Joe Fairless: Bravo on being very specific on who your target audience is and then catering to them. That’s something that you don’t hear frequently when you talk about these deals, and it’s pretty impressive that you’re very narrowly-focused.
Pete Halm: Thank you. I guess that’s a personal thing, where I always found I was taking on too many things, not focused… So I’m learning that build a niche, focus on that niche, and do the best you can in it.
Joe Fairless: And with that last part that you said, “Build a niche and focus on it”, how would you reconcile that approach with you buying mobile home parks and then also apartment buildings? You know I had to call you out on it, right? [laughter]
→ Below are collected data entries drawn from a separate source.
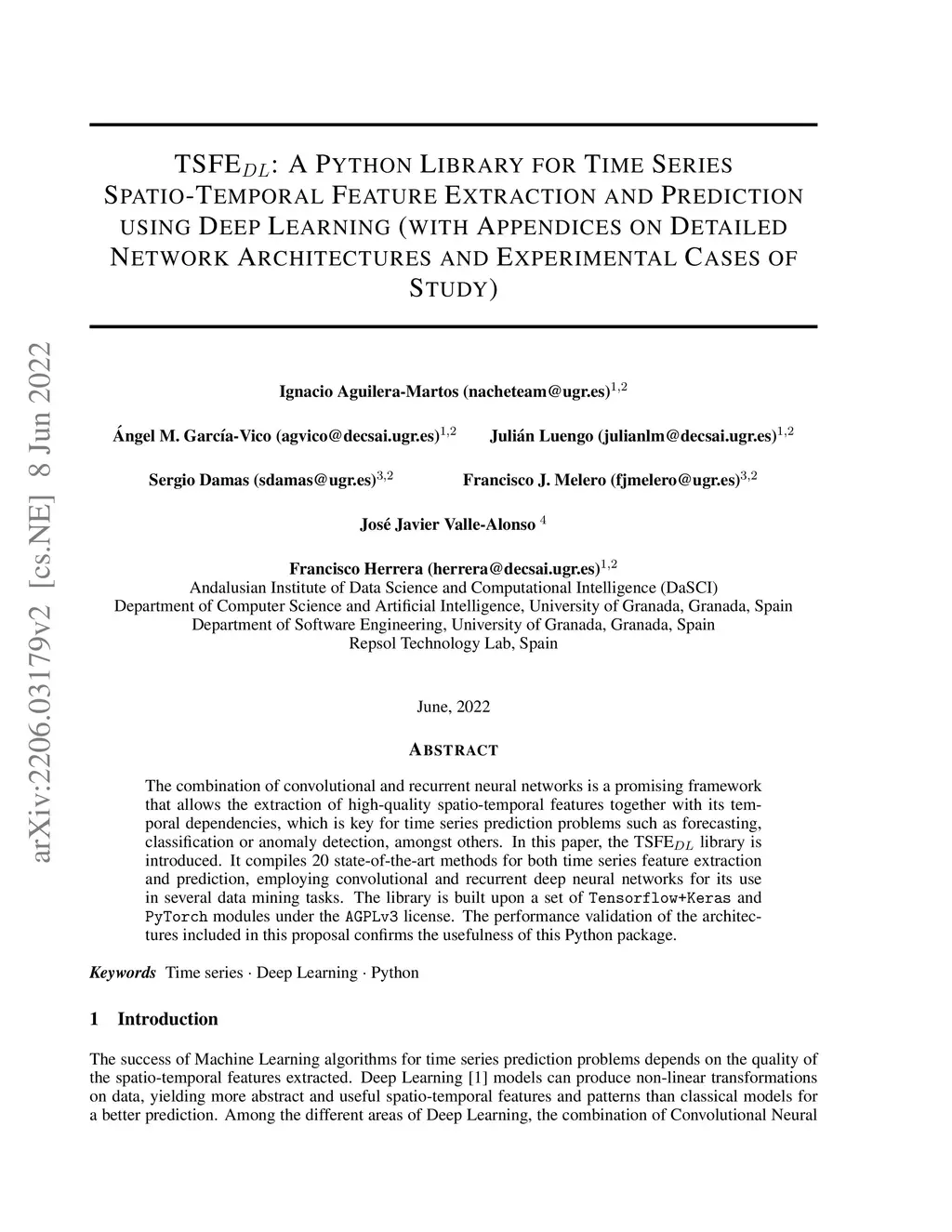 The combination of convolutional and recurrent neural networks is a promising framework that allows the extraction of high-quality spatio-temporal features together with its temporal dependencies, which is key for time series prediction problems such as forecasting, classification or anomaly detection, amongst others. In this paper, the TSFEDL library is introduced. It compiles 20 state-of-the-art methods for both time series feature extraction and prediction, employing convolutional and recurrent deep neural networks for its use in several data mining tasks. The library is built upon a set of Tensorflow+Keras and PyTorch modules under the AGPLv3 license. The performance validation of the architectures included in this proposal confirms the usefulness of this Python package.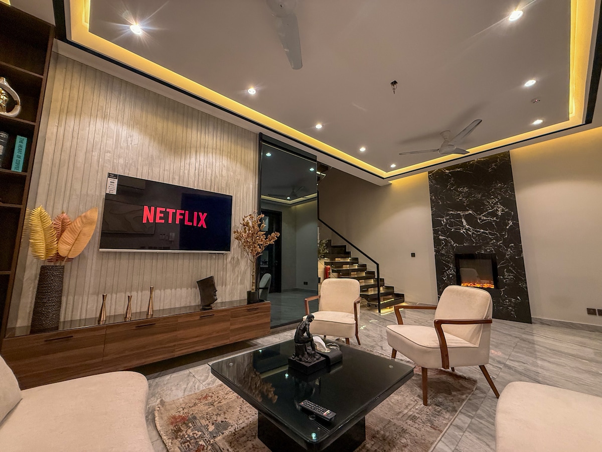 在這個寧靜時尚的空間放鬆身心。這棟優雅的 3 房房源位於拉合爾 DHA Phase 9 Town,讓您享受輕鬆的住宿體驗。 靠近 DHA 第 5、6 階段、Dolmen 商場和 Raya 市場。 每個房間都有空調,讓您保持涼爽;您可以在配備 65 吋 Google TV 的寬敞休息室放鬆身心,也可以在設備齊全的廚房裡下廚。 高速 Wi-Fi 和現代化的舒適環境,讓它非常適合有孩子的家庭、團體或商務差旅人士。 可快速前往附近的商場、餐廳和熱門景點。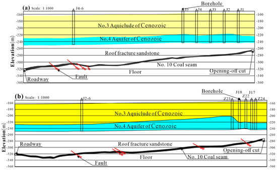 The mine water primarily originates from the sandstone aquifer of the Shanxi Group, the weathered zone, and the No. 4 unconsolidated sand aquifer (No. 4 aquifer) from the Cenozoic era, as shown in Figure 2a. These aquifers with poor yield are dominated by static groundwater reserves. After the coal was mined out, the conductive fracture zone was subsequently developed, which disturbed these aquifers, leading to the formation of water–sand mixture inrushes. An exploration survey with the pumping tests for the No. 4 aquifer demonstrated that its hydraulic conductivity ranges from 0.011299 m/d to 0.435720 m/d, and its specific flow is between 0.0017 L/(s·m) and 0.1352 L/(s·m). These hydrogeological parameters reveal that a high mud content is a property of the No. 4 aquifer []. The combination of poor recharge conditions and lower hydraulic conductivity are induced the static storage and poor yield. The local groundwater circulation between the roof sandstone aquifer of the coal seam, weathered zone, and the No. 4 aquifer is controlled by the regional streamline flow. As for this hydrogeological framework and the profiles of panel 1010-1 as shown in Figure 2b, the safe coal–rock pillar is higher when the stopping line is far from the opening-off cut. Therefore, the most threated space is the opening-off cut, which may be influenced by the water–sand mixture inrush from the No. 4 aquifer.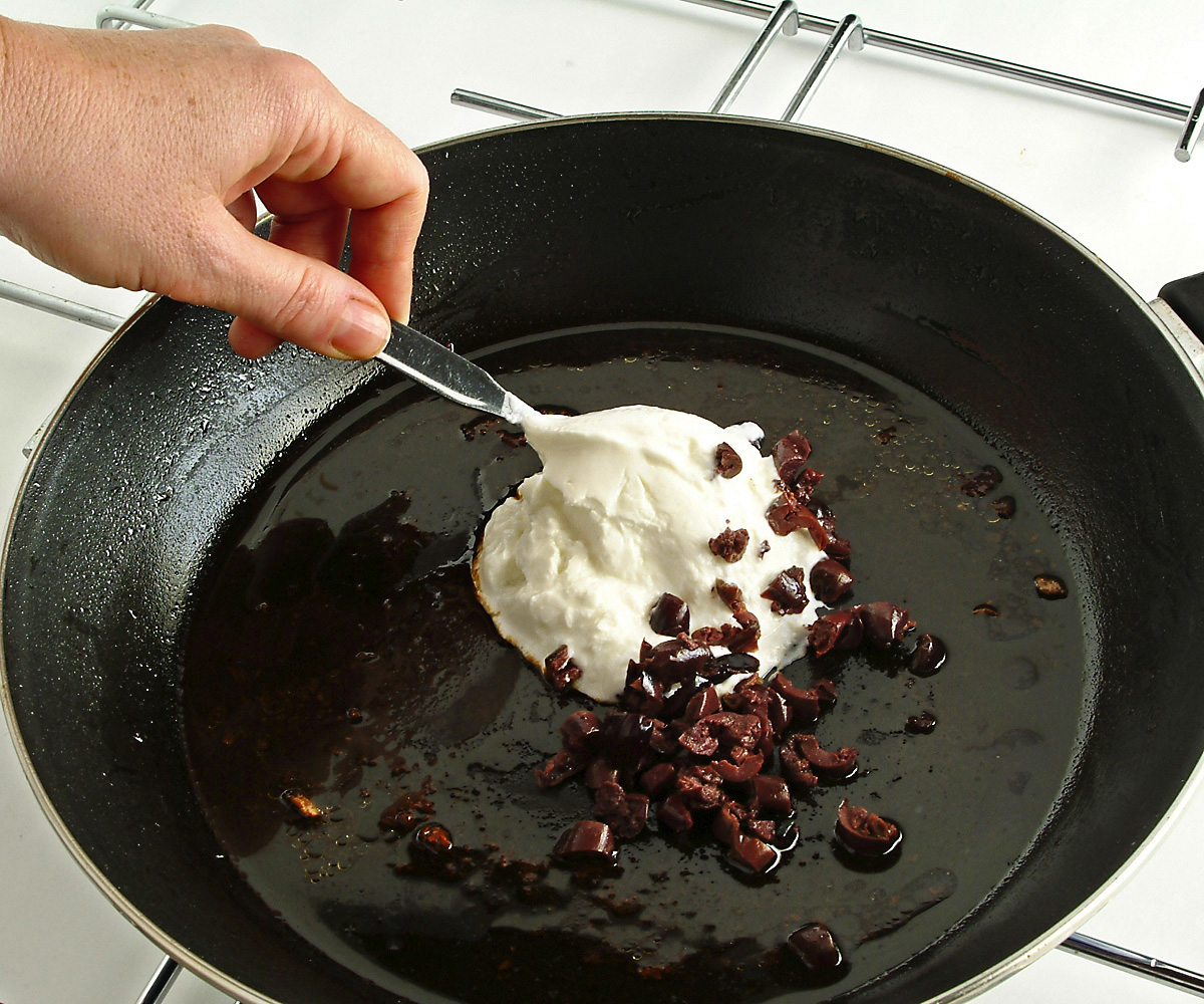 salsa scura: questa si fa poi ridurre a fuoco vivo finché acquista una certa consistenza. La salsa va poi di preferenza passata attraverso un colino,per renderla ancora più vellutata, la si regola quindi di sale e la si versa infine sull’alimento cotto.

Pete Halm: Exactly, yeah. It started out with the mobile home parks — we didn’t know where to go, we were just trying something, and I think at this point in time we’re finding it harder to get multifamily deals under contract where the numbers work. I think we have two niches that we are looking at: one is the multifamily, and the other is we’re gonna keep on in that mobile home park/RV park area, and we’ll see which area wins ultimately.
I don’t know, we may end up focusing more on one in the future, but at the moment I guess this second deal came out of the fact that something fell into our laps, and also there was a frustration of not being able to find the multifamily deals that we need to find, and we’ve built up quite an investor database, and I get calls and e-mails from people saying “What do you have? Have you got anything?” So it’s kind of like, well, we wanna be able to have something that we can provide and just help people out, because we see what goes on with people’s retirement funds, and they’re totally tied into Wall-Street… And the market might be up now, but I don’t believe it’s gonna be up for a long time, up for much longer, and now’s a great time, I think, to get into real estate, even if the real estate prices are high.
I think there are submarkets that are on different parts of the cycle, and we’ve just gotta keep looking and finding those areas and finding the deal.
Joe Fairless: What is your best real estate investing advice ever?
Pete Halm: The best real estate investing advice is get a mentor or mentors. Don’t go alone. Get help, education, and build teams, teamwork.
Joe Fairless: Are you ready for the Best Ever Lightning Round?
Pete Halm: Sure.
Joe Fairless: Let’s do it. First, a quick word from our Best Ever partners.
Joe Fairless: Best ever book you’ve read?
Pete Halm: Rich Dad, Poor Dad.
Joe Fairless: Best ever deal you’ve done?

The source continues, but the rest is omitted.